-- DESCRIPTION OF THE TASK --
An exact reproduction is required of the lines from the beginning of the entries through the line with "코사인 유사도는 두 벡터 사이의 각도의 코사인값과 같습니다.", pictures excluded and nothing added.

-- RECORDS FOR THIS EXERCISE --
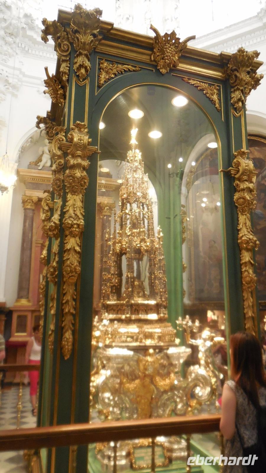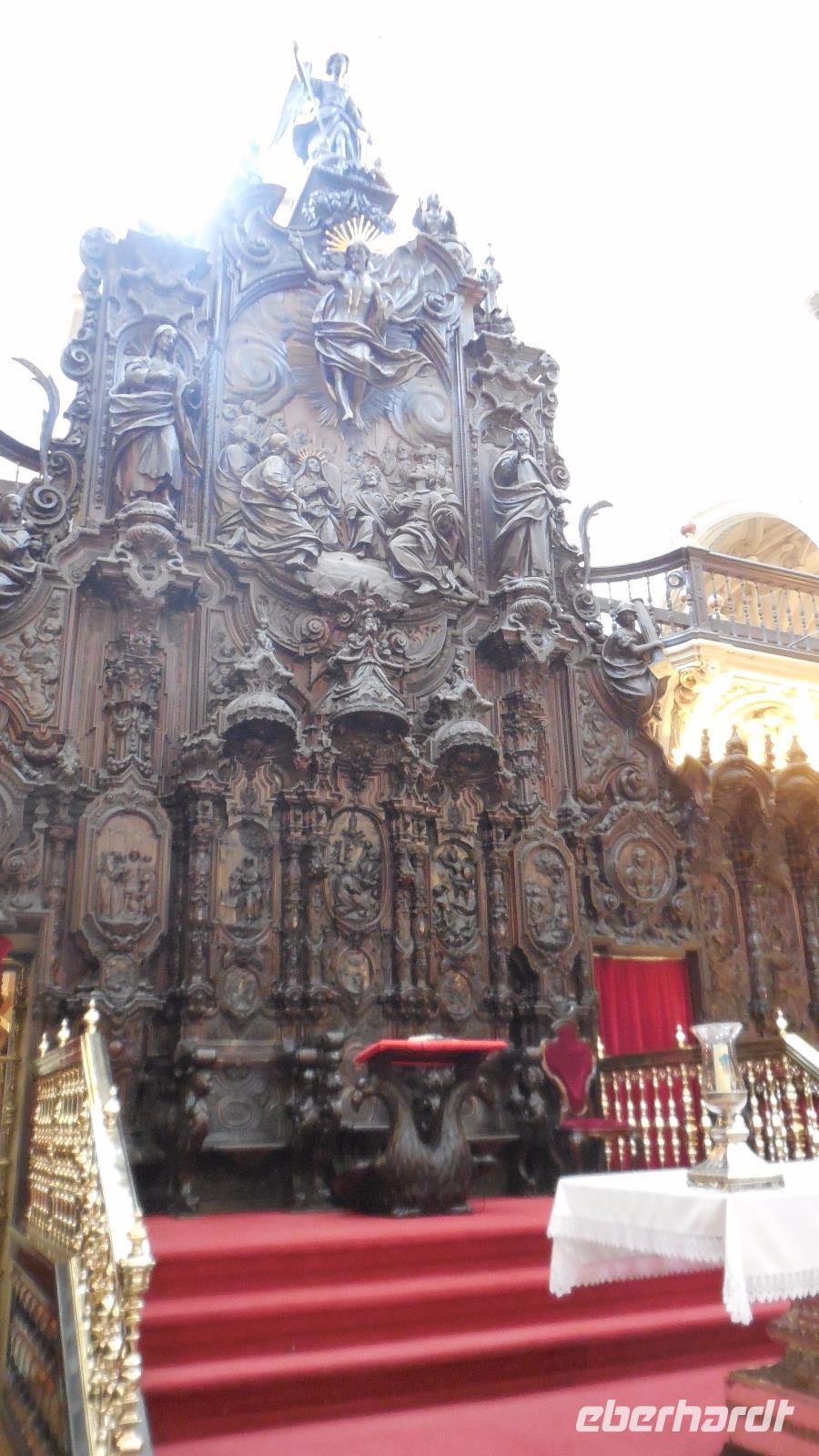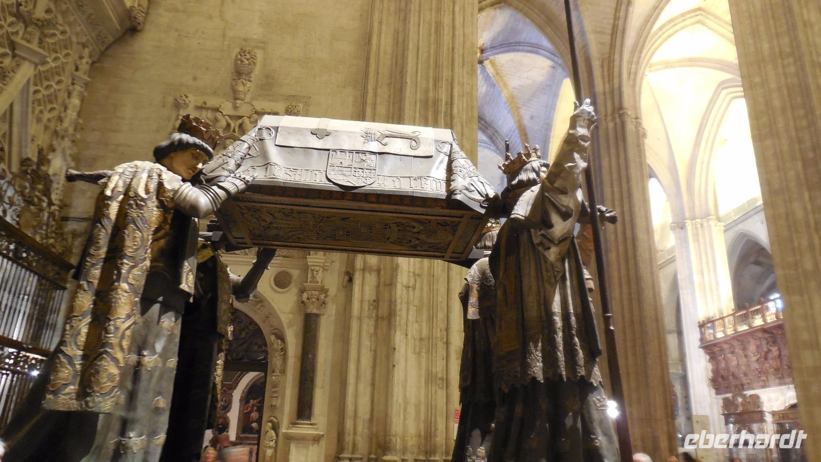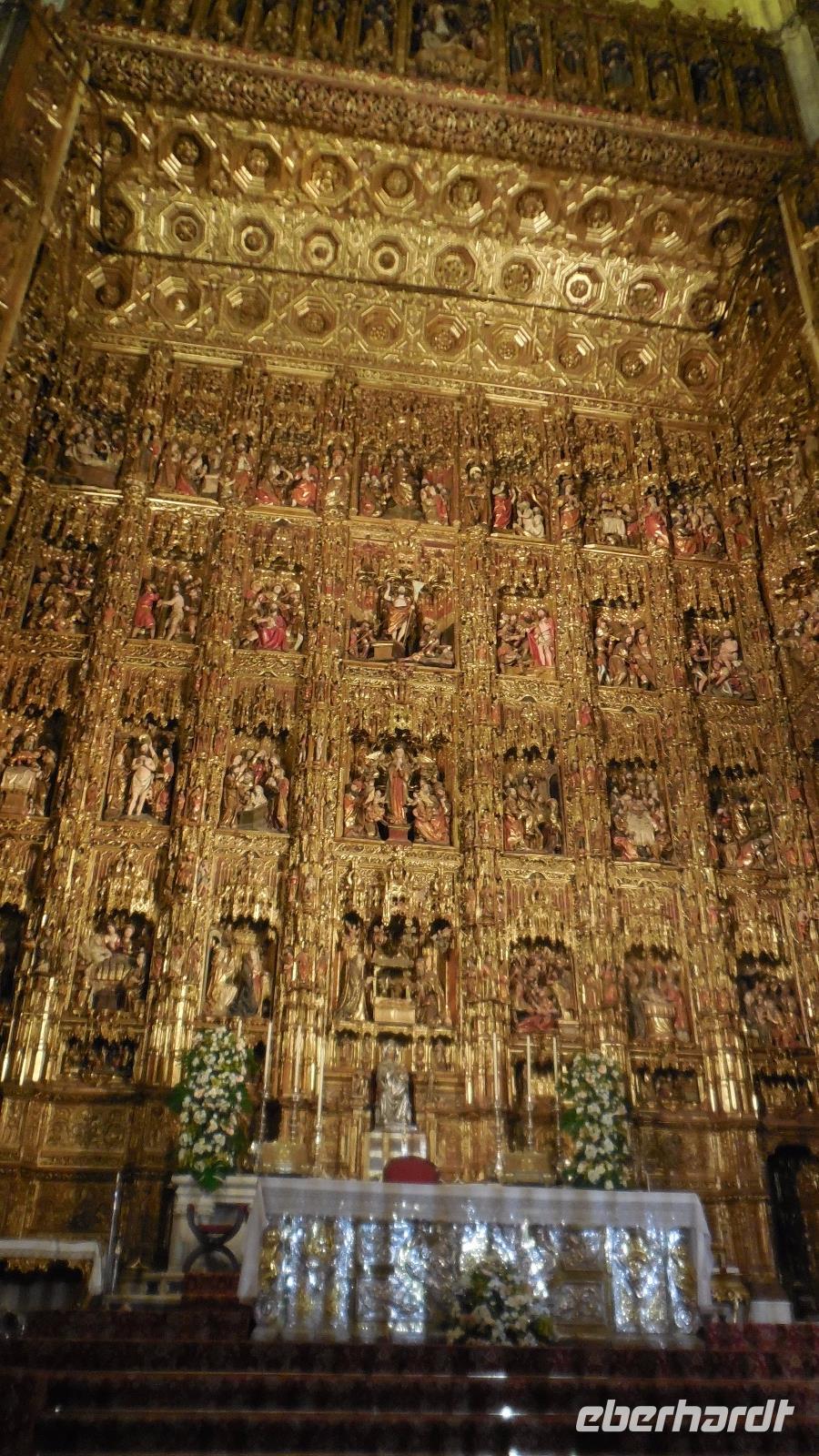 Danach trafen wir unsere örtliche Reiseleiterin Concha und besuchten die größte gotische Kathedrale der Welt mit ihrem alten Minarett, das heutzutage ein Glockenturm ist, bekannt als La Giralda. bei der Besichtigung in der Kathedrale trafen wir auf die Vorbereitungen für der Korpus Tag (Fronleichnam), besuchten das Grab von Kolumbus und verschiedene Altäre für die Prozessionen am Korpus Tag.
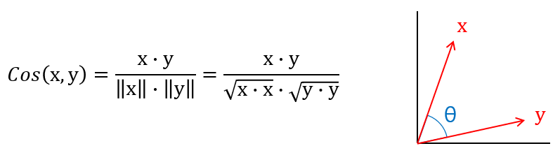 코사인 유사도는 두 벡터 사이의 각도의 코사인값과 같습니다.
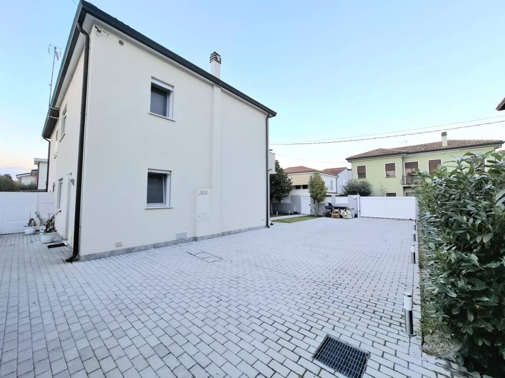 A Rovigo in quartiere Tassina, graziosa porzione di bifamiliare completamente ristrutturata, con grande scoperto privato piantumato, garage, cantina e tettoia di 20 mq, composta da ingresso, ampio e luminoso soggiorno con cucina, 2 bagni, 2 camere da letto, ripostiglio e balcone. Caratterizzano l' abitazione le finiture di pregio e l' alto risparmio energetico, gode di riscaldamento a pavimento, climatizzatore, caldaia a condensazione, cappotto termico esterno da 12 cm, fotovoltaico da 3,6 kw, infissi con vetrocamera e tapparelle in alluminio coibentate, videocitofono, predisposizione per allarme e colonnina di ricarica, tetto con guaina coibentato. Immobile visibile previo appuntamento.
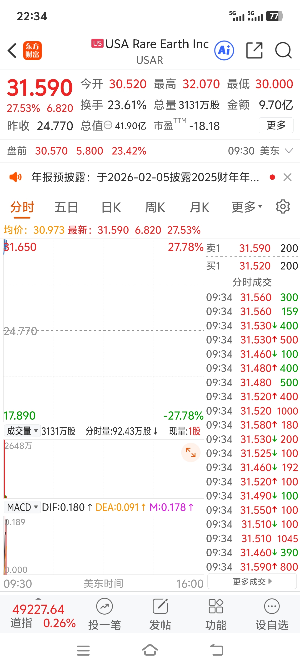 $中稀有色(SH600259)$ 美国的稀土公司大涨,让你们开开眼。
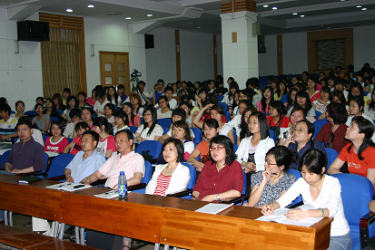 余宪校长1980年毕业于湖南第一师范,30年来一直耕耘在小学教育教学园地中,取得了丰硕的成果。作为湖南一师校友的杰出代表,余校长对一师学子们寄予了深情的关注和殷切的期望。她在报告中结合自己的经历和体验,深入浅出地阐明了教师应从职业目的、知识结构、专业技能、教育智慧四个方面努力使自己成为“最博学和最优秀的人”,同时针对小教大专部2006级实习工作,重点讲述了实习工作中实习生和指导教师需注意的事项,并勉励指导老师要秉着“一份责任,一种服务”的宗旨,尽心尽力做好实习指导工作。
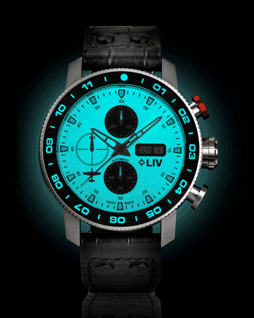 The LIV P-51 Full Lume features a flat open white dial coated with BGW9 Swiss Super-LumiNova pigments and black, contrasting sub-dials. It's powered by an ETA 7750, 25-jewel Swiss automatic movement and features a day-date window, a 42-hour power reserve, a sandblasted high-grade titanium case with skeleton case-back, unidirectional 120-click polished ceramic black bezel, a scratch-resistant & anti-reflective sapphire crystal, a screw-down crown, and water-resistant to 100 meters.
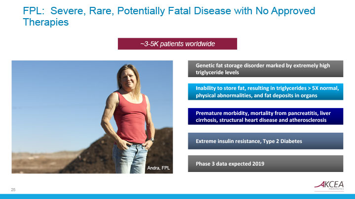 So I talked about our two near-term, commercial launches inotersen and volanesorsen, we also have other drugs in our pipeline. First, with volanesorsen, we do have a second rare disease familial partial lipodystrophy that we’re in Phase 3 clinical development for, data readout is expected next year. This is another disease with no approved therapies, different from FCS these patients lack the ability to store fat, they have defective adipose tissue, the essential of no adipose tissue throughout their bodies, you can see a typical patient just around her chin and face but what looks to be muscular appearance is actually fat deposited at topically in the muscle.
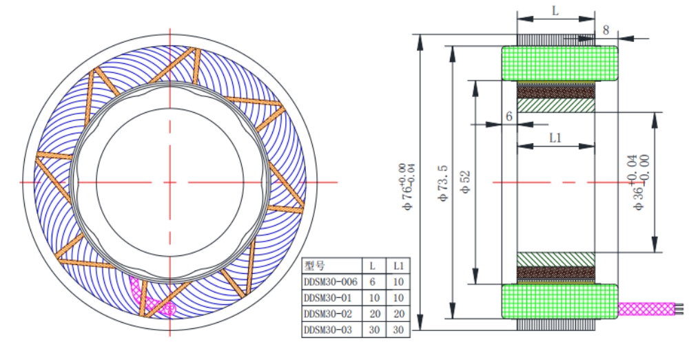 宇捷電機是直驅電機技術的執(zhí)著探索者,為客戶提供系列化直驅電機系統(tǒng)。DDSM系列正弦波無刷直流力矩電機(也稱DD馬達、正弦波無刷直驅電機)有多種疊厚和轉矩范圍,安裝方式簡捷,性能出色,使用壽命長,可為客戶提供專有定制方案。不同于有刷的直流力矩電機,DDSM系列正弦波無刷直流力矩電機無電刷磨損,無換向火花干擾,可靠性和壽命都有極大提高。近年來通過對DDSM系列正弦波無刷直流力矩電機的不斷優(yōu)化,全系列電機都具備以下優(yōu)秀特性:DDSM全系列電機轉矩波動不大于3%,轉矩常數線性度,在4倍超載的情況下,波動不大于±5%,為各類高精度光學和測控平臺提供了優(yōu)秀的精密動力。
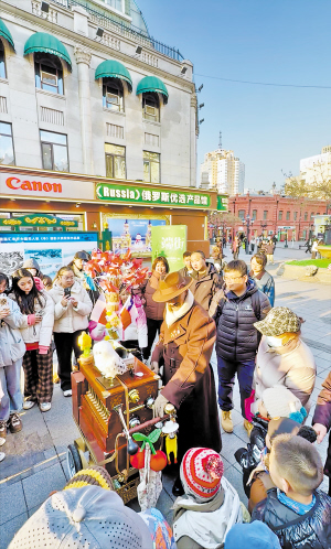 摇动曲柄,铃铛清脆,鸟哨悠扬,七彩泡泡漫天飞舞……从中央大街出发,贝多将到斯大林公园、中华巴洛克历史文化街区等景点,开启在哈尔滨“一个人的舞台表演”。他说,在这座“音乐之城”,不仅感受到浓厚的艺术氛围,也找到了知音和回响。

-- OUTPUT FOR THIS EXERCISE --
 Danach trafen wir unsere örtliche Reiseleiterin Concha und besuchten die größte gotische Kathedrale der Welt mit ihrem alten Minarett, das heutzutage ein Glockenturm ist, bekannt als La Giralda. bei der Besichtigung in der Kathedrale trafen wir auf die Vorbereitungen für der Korpus Tag (Fronleichnam), besuchten das Grab von Kolumbus und verschiedene Altäre für die Prozessionen am Korpus Tag.
 코사인 유사도는 두 벡터 사이의 각도의 코사인값과 같습니다.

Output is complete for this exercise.